The captain was still staring at the last page.

“But–but, look here,” he cried, “you’ve–you’ve signed Mr. Keating’s name to it! ‘James R. Keating.’ You’ve signed his name to it!”

Channing raised his head from his folded arms and stared at him dully.

“You don’t want to get Keating in trouble, do you?” he asked with patience. “You don’t want the C. P. to know why he couldn’t write the best story of the war? Do you want him to lose his job? Of course you don’t. Well, then, let it go as his story. I won’t tell, and see you don’t tell, and Keating won’t remember.”

His head sank back again upon his crossed arms. “It’s not a bad story,” he murmured.

But the captain shook his head; his loyalty to his employer was still uppermost. “It doesn’t seem right!” he protested. “It’s a sort of a liberty, isn’t it, signing another man’s name to it, it’s a sort of forgery.”

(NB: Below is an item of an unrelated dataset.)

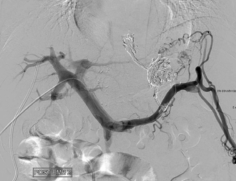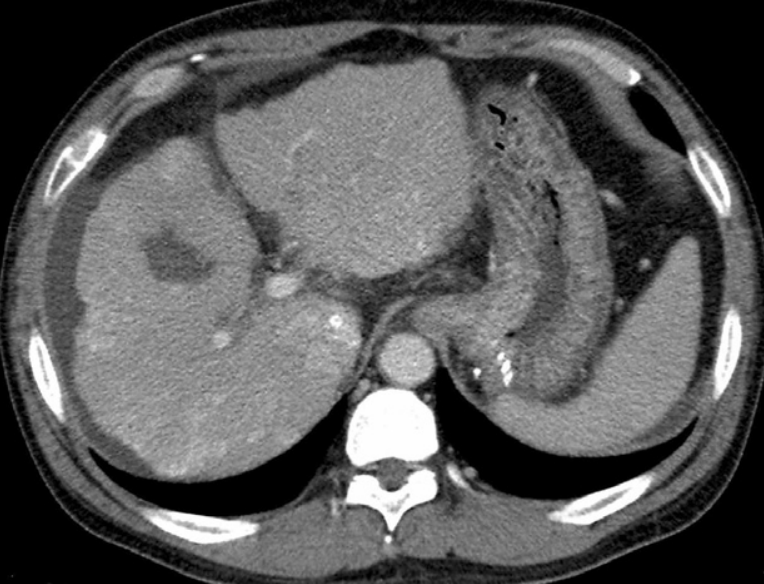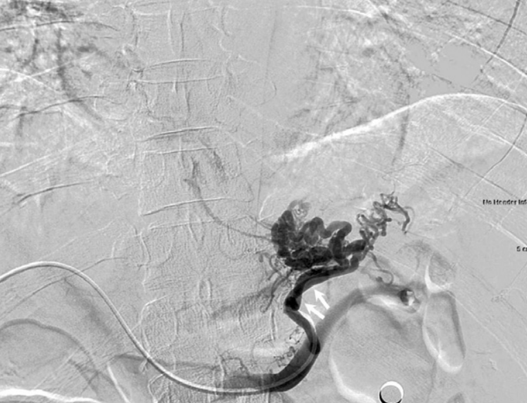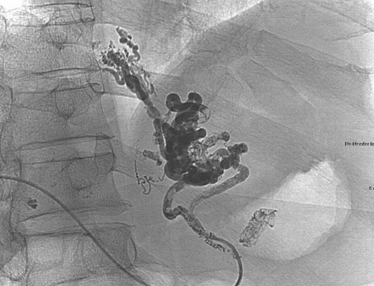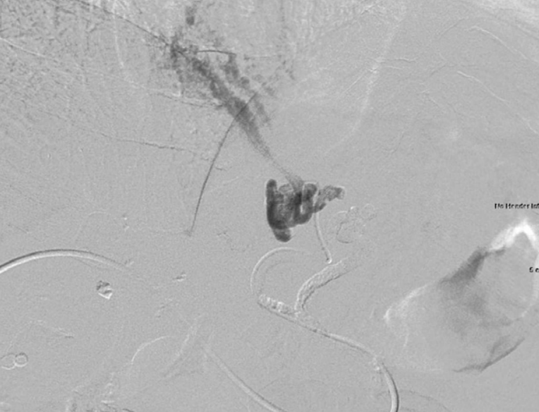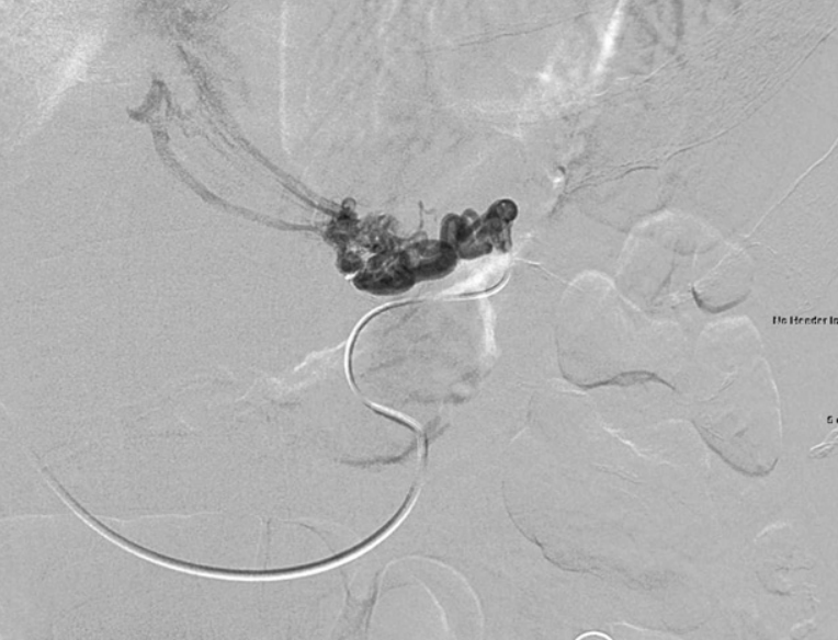 간경화에 의한 식도정맥류출혈에 대해 내시경적 결찰술을 1회 받았던 환자로 하루 전부터 발생한 토혈을 주소로 내원함. 내시경 검사에서 식도와 위분문부 정맥류가 관찰되었고 위분문부 정맥류에서 출혈이 있어 결찰술을 시행했으나 실패하였음. CT에서 gastrorenal shunt가 보이지 않아 BRTO를 시행할 수 없었고 정맥류의 경피경간적 폐쇄술이 의뢰되었음.

Channing made no answer. His eyes were shut and he was shivering violently, hugging himself in his arms.

A quarter of an hour later, when the captain returned with fresh quinine, Channing sat upright and saluted him.

“Your information, sir,” he said, addressing the open door politely, “is of the greatest value. Tell the executive officer to proceed under full steam to Panama. He will first fire a shot across her bows, and then sink her!” He sprang upright and stood for a moment, sustained by the false strength of the fever. “To Panama, you hear me!” he shouted. He beat the floor with his foot. “Faster, faster, faster,” he cried. “We’ve got a great story! We want a clear wire, we want the wire clear from Panama to City Hall. It’s the greatest story ever written–full of facts, facts, facts, facts for the Consolidated Press–and Keating wrote it. I tell you, Keating wrote it. I saw him write it. I was a stoker on the same ship.”

The mate and crew came running forward and stood gaping stupidly through the doors and windows of the chart-room. Channing welcomed them joyously, and then crumpled up in a heap and pitched forward into the arms of the captain. His head swung weakly from shoulder to shoulder.

“I beg your pardon,” he muttered, “I beg your pardon, captain, but your engine-room is too hot. I’m only a stoker and I know my place, sir, but I tell you, your engine-room is too hot. It’s a burning hell, sir, it’s a hell!”